The Vancouver-based company wants to acquire all of CanniMed's issued and outstanding stock in an all-share deal worth up to $24, or about 3.7 Aurora shares per CanniMed share based on Aurora's closing price of $6.41 Tuesday, a premium of 57 per cent. CanniMed's traded as high as $21.25 on Wednesday.

CanniMed shareholders would hold about 16 per cent of Aurora's shares if the deal is completed.

Aurora said it submitted a proposal to CanniMed's board of directors Monday and has given the company until Friday to respond. If the board doesn't respond, Aurora plans to launch a formal takeover bid.

Ticking clock hangs over CanniMed as Aurora makes unsolicited takeover bid

Vancouver-based licensed marijuana producer Aurora Cannabis wants to acquire all of CanniMed's issued and outstanding stock in an all-share deal. More than a third of CanniMed's investors want the company to go through with the deal. BNN's Jameson Berkow and Jon Erlichman discuss.

“We’d like this to be as collaborative a process as possible," Battley told BNN, adding that he thinks his company’s performance has put it in a good position to take over CanniMed.

“We’ve been executing consistently,” Battley told BNN. “We’ve been doing something that not every licensed producer in this space has been doing and I think that that’s what has given us the opportunity to take a step and talk to CanniMed and make a friendly offer, at this point.”

Aurora said it has entered into agreements with shareholders representing 38 per cent of CanniMed's outstanding shares to support its bid. The company disclosed the proposal at the request of the Investment Industry Regulatory Organization of Canada, which halted Aurora shares earlier Tuesday.
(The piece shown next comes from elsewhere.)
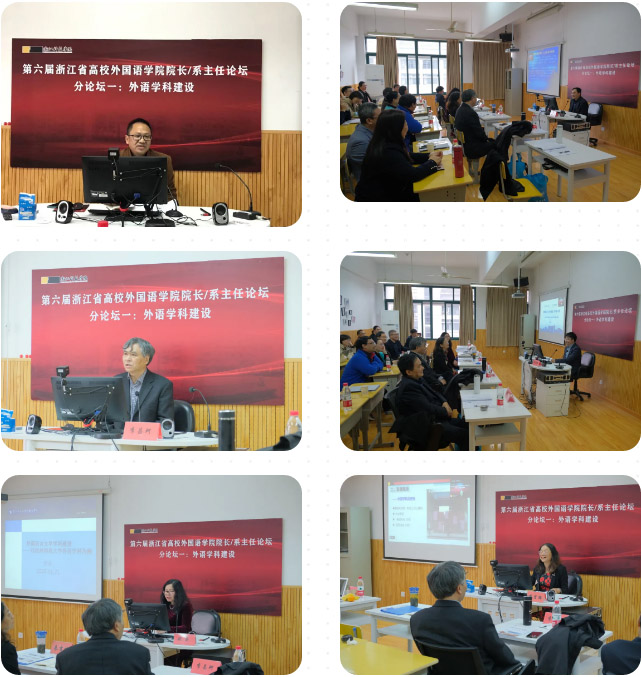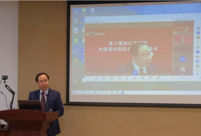 11月21日,“第六届浙江省高校外国语学院院长/系主任论坛”在杭州市小和山高教园区浙江科技学院闻理园隆重举行。教育部长江学者特聘教授、浙江大学中华译学馆馆长许钧教授,教育部长江学者特聘教授、华南农业大学外国语学院院长黄国文教授,上海外国语大学副校长查明建教授,上海师范大学外国文学研究中心主任朱振武教授,浙江外国语学院校长洪岗教授与副校长柴改英教授,以及来自省内外三十多所高等院校的外语学院院长、系主任与专业负责人齐聚西溪湿地源流之一的西蜜湖畔,小和山麓,共商新文科、新工科、大外语背景下高校外语学科发展战略。论坛由浙江省外文学会发起,浙江科技学院外国语学院/91国产 承办,上海外语教育出版社、杭州新琦迹英语协办。本届论坛采取了线上和线下结合的形式。

Shares of Aurora have shot up more than 30 per cent on the back of its earnings last week that showed a 169 per cent jump in revenues in the quarter ended Sept. 30, and $1.2 million in sales of dried cannabis in Germany.

CanniMed said in a release Wednesday it has not received a formal offer and it believes the share consideration presented by Aurora is “inflated.” It also said it’s in advanced talks to buy Newstrike Resources.

The acquisition would boost Aurora's market capitalization to more than $3 billion. Its projected active registered patient base of 40,000 would still be shy of the 63,000 at Canopy Growth Corp.

Canadian marijuana companies have ramped up production capacity ahead of Canada's deadline for the legalization of recreational cannabis next summer and worked to extend their reach outside the country's borders over the last financial quarter.

Some analysts have been predicting a wave of consolidation among the around 50 licensed producers in the burgeoning industry ahead of legalization.

CanniMed, previously Prairie Plant Systems, was one of the first medical marijuana companies to be granted a Health Canada licence to produce in 2013. Prior to that, Prairie Plant Systems had been the government's official marijuana provider on the earlier program enacted in 2000.

The company is focused on cannabis oil, a higher-margin product than dried bud.